The liabilities included in the estimate for future salaries should be included in the plans with benefits that are based on salary levels. This would provide entities with present liability based in part on future salaries but have not been earned yet. This would be essential in the delivery of a substantial improvement in the understandability, usefulness, and transparency of the balance sheet. The board can also work to eliminate the smoothing mechanism of income statement which requires companies to report directly in the income statement actual asset returns in addition to the gains and losses. However, this may provide room for an inadequate sound conceptual basis for smoothing reported earnings and to addressing the volatility in corporate earnings from non-operating activities that would emanate if the smoothing were eliminated. Moreover, for partially and fully-funded plans, an entity should consolidate the pension or postretirement benefits trust in its financial statements. This would work to present the pension liability and consolidate the concepts and report the pension assets separately on the balance sheet rather than after net liability or asset presentation.
Argument and Correspondence
The accounting for pension and other postretirement benefits obligations should entail the use of various assumptions, for instance, the disability rate, the average length of service, retirement age, the employee turnover rate, and the salary and wage increase rate. As a result, health care cost trend rate, the rate of return on plan assets, the discount rate, and mortality, should be included in the financial statement disclosure as well as the MD&A disclosure requirements for the health care cost trend rate, rate of return on plan assets, and discount rate. The chief financial officer should, when selecting assumptions, focus on the consistency and appropriateness of the underlying approach in addition to the adequacy of supportive accounting documentation that provides the amount of disclosure required by the FASB standards.

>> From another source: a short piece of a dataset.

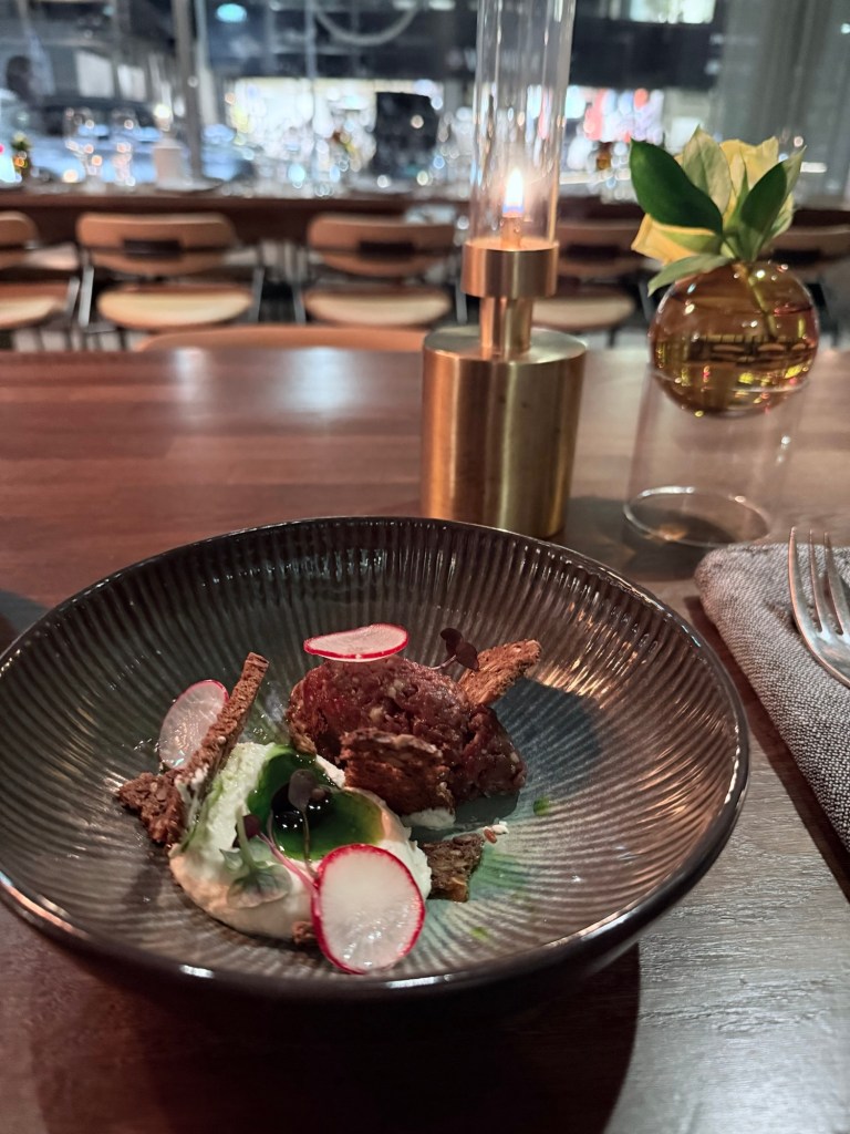 Rentiertartar mit Sourcream und Pumpernickelcroutons.

The entities should set a sufficient amount of time to gather the necessary information and thus perform actuarial calculations to meet the deadlines for the year-end reporting. This would be important in allowing the companies to measure plan assets and benefits obligations as of the date of the financial statements instead of proceeding with the existing practice of permitting an alternative measurement date of three months before the date of the financial statements. It would also be important for the management to ensure an increased accountability through accurate measurement, recording and reporting of postretirement benefits to boost the commitments to employees and to allow the benefits of economic sense for the company.